The situation in Thailand regarding financial crime is no better. In a survey by PwC, the response of whether they experienced financial fraud in 2016 was a 26% yes.
While most firms seem to have a defence strategy against financial crime and money laundering in place, many are blissfully ignorant about the repercussions of fraud.
Respondents were also asked to opine about the factors which contributed to fraud. While 24 % said that financial fraud is mainly motivated by the incentive (a person is likely to receive on misappropriating assets), 64% said that the opportunity to commit fraud – which only employees have – is the main factor.
6% claimed that rationalization, due to which a person commits a fraud and justifies the same, is the main cause.
Investments in Vietnam certainly have advantages owing to recent measures such as revision of Land Law (2013), Investment Law (2014) as well as Enterprise Law (2014).
But prevalent compliance risks pose a vital question – are these investments secure enough? Statistics from recent reports show that:
● Corruption is the greatest hurdle for financial investments in Vietnam.

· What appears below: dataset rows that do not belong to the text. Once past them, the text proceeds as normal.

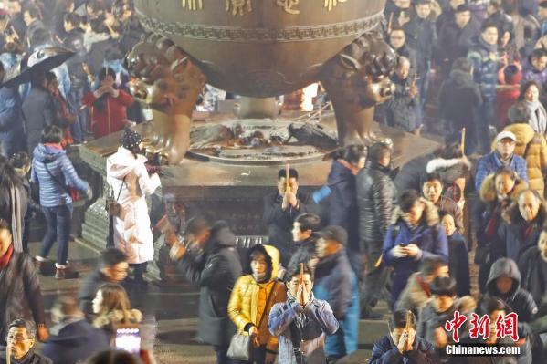 2月16日凌晨,在上海静安寺内,民众排队有序撞钟祈福,聆听年钟,秩序井然。除夕夜赴寺院撞钟烧香祈福是很多上海市民多年来雷打不动的习俗。之所以选择除夕夜“烧头香”,是因为不少人相信,在大年初一第一个将香插在庙里的香炉,可为自己带来一整年的好运。殷立勤 摄
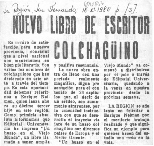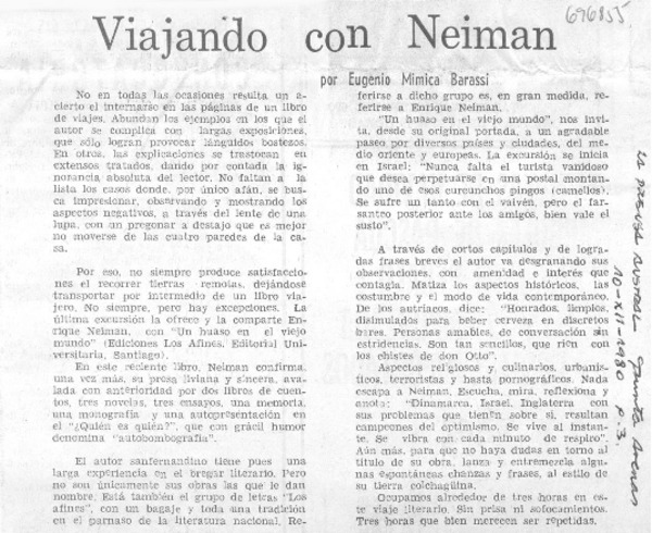 Un viaje feliz de Enrique Neiman [artículo] Alfonso Larrahona Kästen.
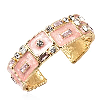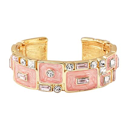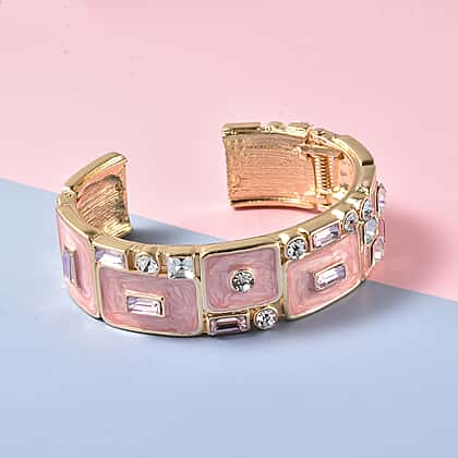 Pink and White Crystal Enamelled Bangle in Yellow Gold Tone
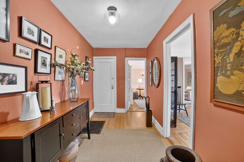 Welcome to this rare gem, offering convenience & style in this top-floor, corner apartment that's a perfect sanctuary for 1st-time buyers, city commuters, or those seeking to simplify their lifestyle without compromising luxury. Immerse yourself in tree-top views & the vibrant energy of White Plains from this beautifully renovated residence that shines with modern elegance & classic charm. Step into a spacious sun-drenched layout, where high ceilings & gleaming hardwood floors flow throughout. The large entry foyer invites you into a grand living space, complete with French doors that open to an elegant formal dining room an entertainer's dream. The updated kitchen boasts custom cabinetry, SS appliances, & lustrous quartz counters. Retreat to the wonderful primary bedroom featuring an impressive wall of closets or the cozy guest room, each offering a peaceful escape. This pet-friendly, prewar building exudes character with its delightful architectural details. Convenience is at your
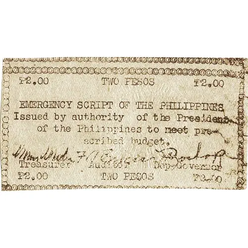 TWO PESOS EMERGENCY SCRIPT OF THE PHILIPPINES ISSUED BY AUTHORITY OF THE PRESIDENT OF THE PHILIPPINES TO MEET PRESCRIBED BUDGET TWO PESOS |
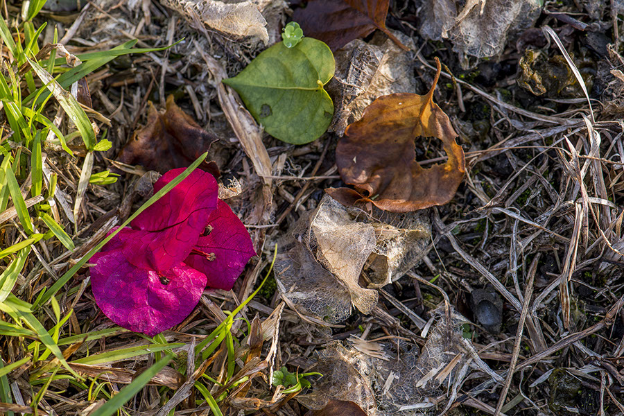 How about a range of colors for today? Also, a fresh Bougainvillea bract next to some dessicated ones? The fine tracery in both caught my eye.

● Regulatory standards are intricate and often confusing for investors.
● Laws against employee embezzlement or thefts haven’t been enforced properly.
● Around 68% of private firms in the country are able to get contracts only by paying bribes.
Arresting the Trend
There’s little doubt that the situation is a bit like a bomb waiting to go off. With Money Laundering leading the charge followed by Corruption/Internal Fraud & Card Fraud, the situation may seem bleak but not entirely unsalvageable.

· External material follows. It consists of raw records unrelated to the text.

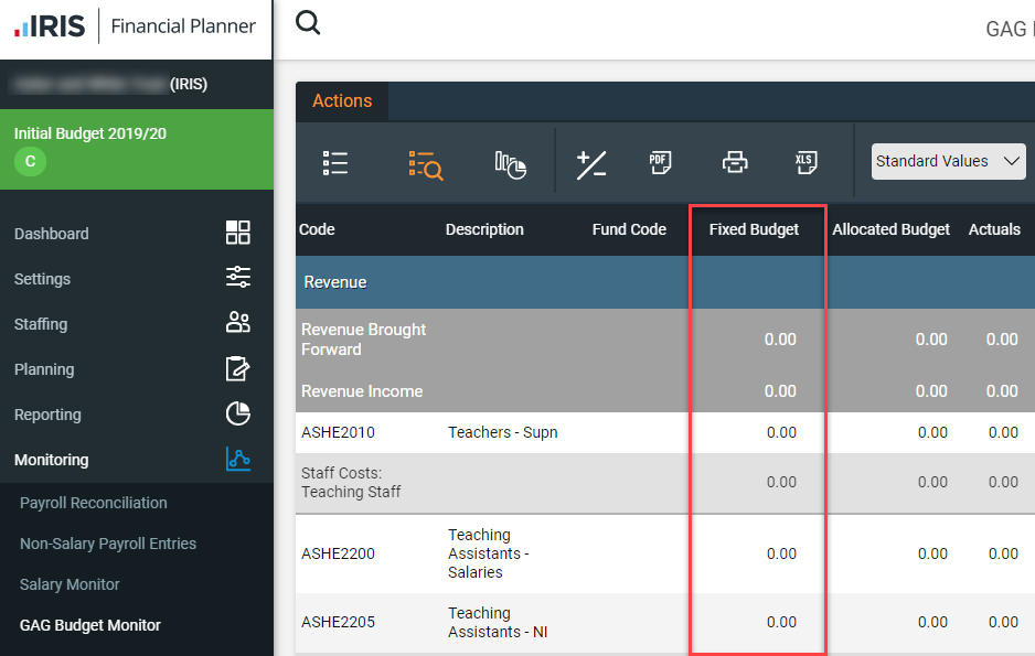 This setting is optional. Entering a budget code here allows you to track your performance against your original budget at the start of the year. It displays in the Fixed Budget column in your IRIS Financial Planner Budget Monitor.
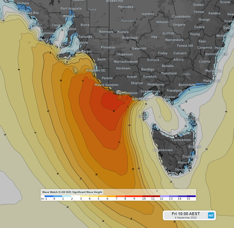 Image: Significant wave heights off southwest VIC at 10am Fri 8th via WaveWatch
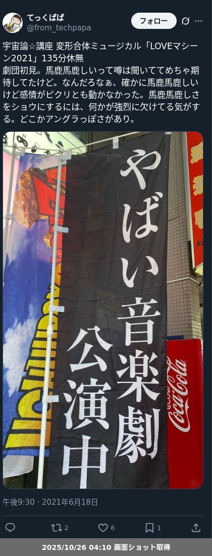 【ネタバレ分離】昨日観た芝居、 宇宙論☆講座「LOVEマシーン2021」の観劇レポートです。
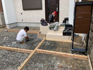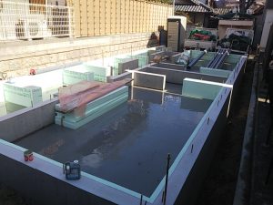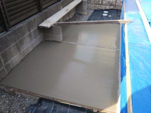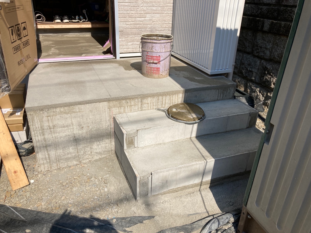 最終的に外部ウッドデッキになる部分と玄関ポーチになる部分の土間コンクリートを打設しました。建物が建ってからでは裏手側にあるデッキ用コンクリートは打設が困難になるため先に施工しておきます。

While there are several actionable ideas, 4 of them that stand out are –
1. Push for a Regulator-level Transformation.
Assess risks associated with terrorism financing and money laundering, and co-develop a policy to mitigate them. Regulatory bodies must come out with a firm long-standing stance on anti-fraud measures that banks can readily implement. Frequent changes in policy causes considerable operational disruption which inadvertently causes breaches in a bank’s protection systems.

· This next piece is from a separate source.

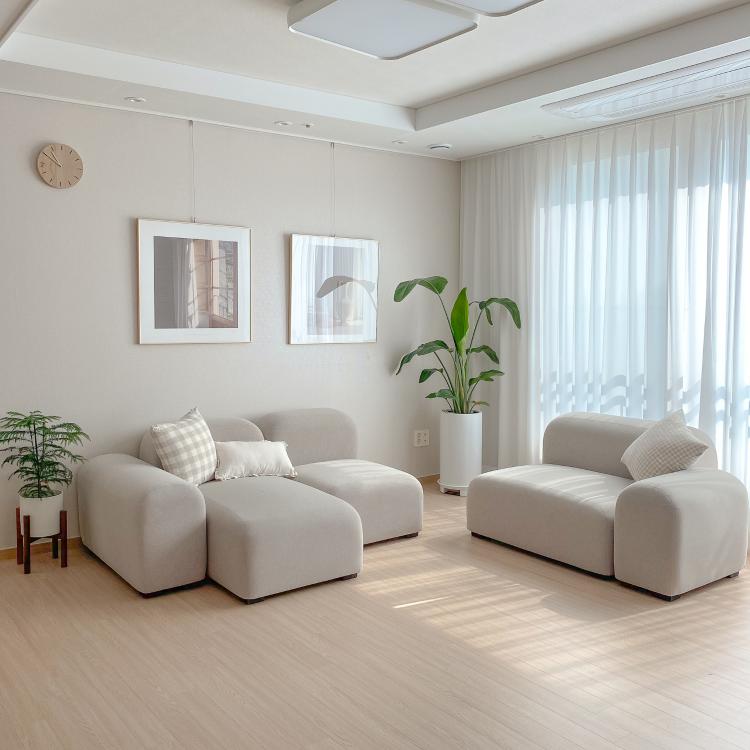 모듈 소파를 활용해 가끔은 배치 변화로 다양한 분위기를 주고 있어요.

2. View Top-line Growth (upsell / cross-sell) and Bottom-line Protection (losses from Fraud) as 2 sides of the same coin.
Make investments in fraud management to pay for itself because fraud management and cross-sell are actually the ‘yin and yang’ (of risk management and revenue growth). Banks can reuse the in-memory data to offer simultaneous real-time cross-sell and upsell to customers using the same computed memory of fraud management. So the same contextual interventions at play in a real-time, cross-channel fraud prevention solution can also be used to generate revenue.
3. Unify your Bank’s Anti-Fraud & AML Departments into a Single ‘Financial Crimes Department’.
Currently the 2 departments are separate due to the genesis of each. The AML/CFT department was created to address regulatory requirements and the Anti-fraud cell was created within the Risk Department to help banks combat fraud. Money laundering and transactional fraud are closely correlated because transactional fraud is often a ‘predicate crime’ to money laundering. So, a cross-channel holistic approach is far superior because the system is strong in AML/CFT, Transactional Fraud Monitoring, and Enterprise Case Management. Operations can be exponentially more efficient by bringing the 2 departments together into a unified ‘Financial Crimes Department’.
4. Create a Federated, Asia-wide Anti-fraud Network.
Step up the fight to a regional level. A federated approach – specifically a pan-Asian anti-fraud network can be a useful strategy to consolidate, cross-pollinate and share intel among banks in the region. An interconnected framework allows member financial institutions to exchange authentic fraud intelligence in real-time, that can help detect and prevent potential crimes before they are perpetrated.